5. Stress effects sugar levels and coming up to exam time, you may find you have not got enough hours in the day to complete essays and study. This will be stressful! Just be mindful of your sugar levels during these times and give yourself some more insulin if needed (if on a pump, you can do a temporary basal rate at an increased rate). You should also try and exercise regularly during your college terms but particularly during these times of stress, it will be a great reliever of tension, will help you to relax and sleep better as well as help lower insulin resistance.

Once you have followed these tips, you will find your rhythm in college and diabetes won’t be such a struggle to manage. Like everything, practise makes perfect and just try your best to keep your sugar levels stable.
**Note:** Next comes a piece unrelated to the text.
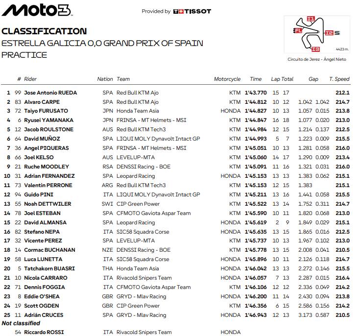 gp spagnaRueda chiude la prima giornata della Moto3 a Jerez davanti a tutti, rifilando oltre un secondo a Carpe e Furusato, rispettivamente 2° e 3°. Indietro gli italiani, con Guido Pini il migliore dei nostri piloti in 12^ posizione. Di seguito il racconto delle Pre-qualifiche e la classifica dei tempi del venerdì

I would also recommend registering with the Disability department in your college and make them aware of your diabetes. It isn’t essential to tell lecturers of big classes that you have diabetes, mainly because you can drink/eat in classes and do as you please, as long as you are quiet! But if you have smaller classes, then I would recommend letting your teacher know about your diabetes just in case you have to treat a hypo or hyper sugar level during class time.

I hope this helps you for your time in college! Best of luck in your studies and remember to have fun!